There are other reasons to choose NoSQL
For example, when Craigslist was using mySql and they had to change their schema, it took MONTHS to facilitate the change across all their slaves.
You can also have a mixed strategy of using both RDBMS and NoSQL to achieve consistency while being able to be flexible to architecture changes.
Lastly- have you looked at total overal cost? Setting up a large cluster with mySql will have a large operational cost and it may not be partition tolerant so if the wrong servers go down, it may cascade to your whole data store.
Doing data migrations up front in a NoSQL system means you've changed the fields around in your document types, then you're done. Now 95% of your documents are wrong, missing those changes. Maybe you have linkages between different types of document (akin to a foreign key) - now a lot of those might be pointing to nothing.
In this model, it's the application's job to anticipate and work around these inconsistencies. Assertions that check for data integrity, if you have them, have to be modified to work around this. For a lot of the web applications we talk about these days, who cares - it's people's lists of friends and TODO notes. It's simple data and some dangling records aren't going to hurt anyone.
In the SQL world, we instead write migration scripts that migrate the structure and data all at once. This is a little more work up front, but as long as you stuck to a mostly normalized form and use great tools (which we now have) this is not a big deal ("MONTHS" to migrate across slaves sounds like they had some very wrong decisions made earlier on). The application can move straight to supporting the new structure and entirely forget that the old one existed. In this world, we can also have really complex relationships between fields, like when we're storing accounting or medical data linked to temporal records of changes. The application can consume this structure without worrying about consistency.
I think the problem is that when you change a table structure in MySQL, it takes quite a bit of time to do the actual writes. Adding a column tends to force a rewrite of the table. Braindead I know....
I think the problem is that MySQL isn't really a standard SQL-world db. It has some of the advantages of one, but not all of them and some very annoying gotchas.
> The application can move straight to supporting the new structure and entirely forget that the old one existed.
Not always. Changing the schema can break an application, in particular when the database supports multiple applications.
> It's simple data and some dangling records aren't going to hurt anyone.
It depends on the application. In healthcare people literally die due to some dangling inconsistent records.

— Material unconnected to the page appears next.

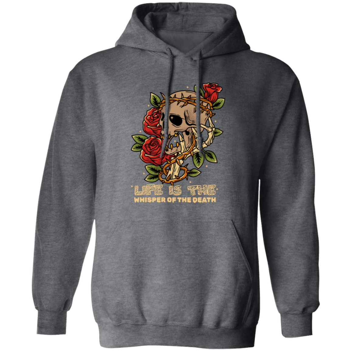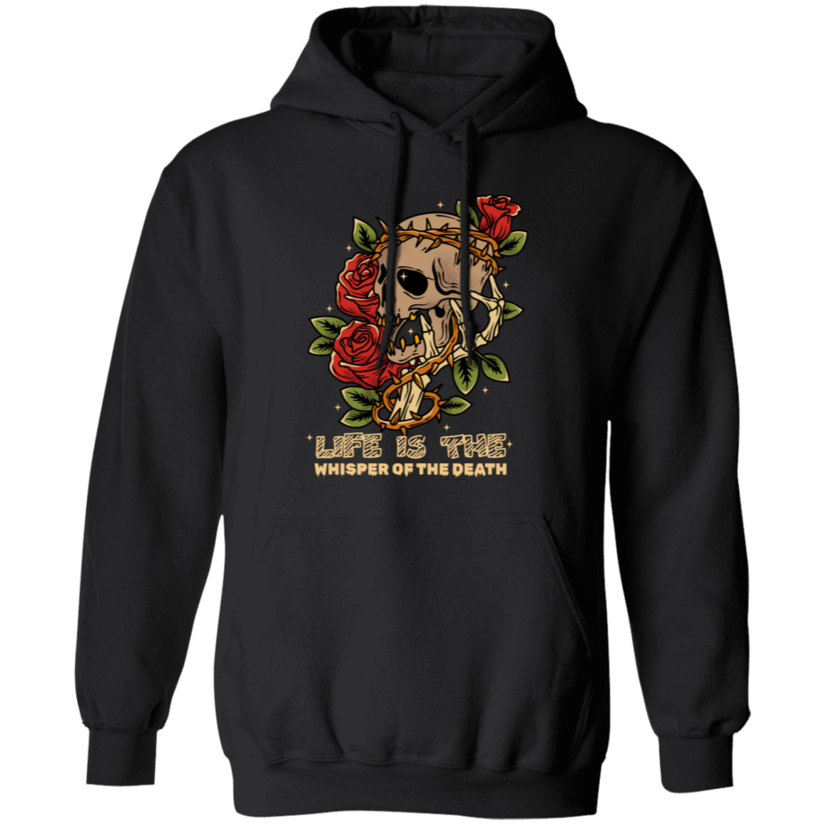 Life Is The Whisper Of The Death, Skull With Roses Pullover Hoodie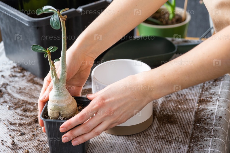 Пересадка домашнего растения суккулентного адениума в новый горшок. Уход за растением в горшке, раскладка на столе с почвой, лопатой, руками женщины в фартуке

The problem in anticipating and working around these inconsistencies is that the workaround is added ad-hoc in code, rather than through a model defining the data change. You need a model http://chronicdb.com/preparing_schema_changes
PostgreSQL can do the majority of migrations you would need to make instantaneously (adding columns that can be null, adding/dropping indexes etc). MySQL suffers roughly O(rows) time when changing the schema, but with PostgreSQL now at feature parity for most everything else there's little reason to go NoSQL over something like Postgres if you are worried about schema changes. With respect to fault tolerance, this is only a problem if your dataset outgrows a single master (pretty rare) and you haven't figured out a proper way to shard (most places shard on users, it's pretty hard to believe anything is un-shardable).
I don't want to presume that I'm smarter than Craigslist's engineers, but why is this so hard? Schema changes should be captured in migrations, which are programs, and could be coordinated to run in parallel on thousands of machines in a moment with a shell script over SSH.

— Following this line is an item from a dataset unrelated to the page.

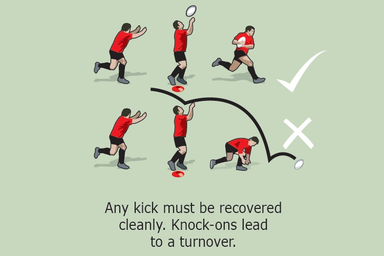 Activity: Play any version of rugby, including touch. After three tackles, the ball can be kicked. If it is not kicked before the fifth tackle, it is turned over. If the ball is kicked, it must be gathered cleanly first time, or the ball is turned over. Don’t allow knock-ons or knock-backs. The ball is allowed to touch the ground. Don’t allow the players to contest for it on the ground. Any kick can be contested, but if the kicking side recovers the ball, don’t get any extra tackles. Score one point for each try.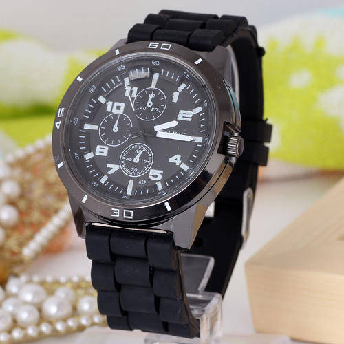 BLACK DIAL JELLY SILICONE BAND UNISEX QUARTZ WRIST WATCH

The fact that ALTER TABLE locks on most databases is not the primary reason changing a schema is hard. The primary reason is that a schema change breaks the application [1].
Migrations are programs, but your existing live application is also a program. Changing the schema breaks your live application to prepare for the new version of the application.

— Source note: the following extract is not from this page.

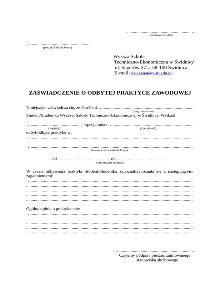 ............................................................. (miejscowość, data) …...................................................... (pieczęć Zakładu Pracy) Wyższa Szkoła Techniczno-Ekonomiczna w Świdnicy ul. Saperów 27 a, 58-100 Świdnica E-mail: [email protected] ZAŚWIADCZENIE O ODBYTEJ PRAKTYCE ZAWODOWEJ Niniejszym zaświadcza się, że Pan/Pani ….................................................................................. (Imię i nazwisko) Student/Studentka Wyższej Szkoły Techniczno-Ekonomicznej w Świdnicy, Wydział ….............................................. - specjalność: …......................................................................... (Wydział) (Specjalność) odbył/odbyła praktykę w: …................................................................................................................................................... …................................................................................................................................................... (Nazwa i adres Zakładu Pracy) od …........................................... do............................................... (czas trwania praktyki) W czasie odbywania praktyki Student/Studentka zapoznał/zapoznała się z następującymi zagadnieniami: …................................................................................................................................................... ....................................................................................................................................................... ....................................................................................................................................................... ....................................................................................................................................................... ....................................................................................................................................................... Ogólna opinia o praktykancie: …................................................................................................................................................... ....................................................................................................................................................... ....................................................................................................................................................... ....................................................................................................................................................... ....................................................................................................................................................... …................................................................... Czytelny podpis i pieczęć zajmowanego stanowiska służbowego

This is true for NoSQL too. If you change the format of your documents you applications might need to be modified to support both the old and the new format at the same time.
MySQL had some historic issues with schema changes -- adding a column to a table with a few million records could take hours. While it does have a lot of work to do -- it is restructuring every page of the database -- in competitive products such a change takes a minute fraction of the time (limited only by IO performance).
Most changes would still block, yes, but at least in PostgreSQL many changes will only block a short time (since they do not require a full table rewrite, only altering the table descirption) and in my experience rewriting a table is generally quick for a decent sized database (tables with a handful of millions of rows).
Flexibility of schema definition and flexibility of schema change are two different things. Defining schemas only involves data. But changing schemas involves not just data, but code too.
There are other reasons to choose NoSQL For example, when Craigslist was using mySql and they had to change their schema, it took MONTHS to facilitate the change across all their slaves.
That isn't a reason to choose NoSQL. That's a reason to-
-doubt MySQL -- many of the purported downsides of SQL solutions (for instance the ridiculous "avoid joins" meme that has zero bearing on any good database product) are actually MySQL problems. Or rather, they were -- the product has made some pretty incredible strides.
-understand and embrace normalization. Most of the "we keep trying to change our schema and SQL is just so restrictive" stories could often be described as "the problems with denormalization".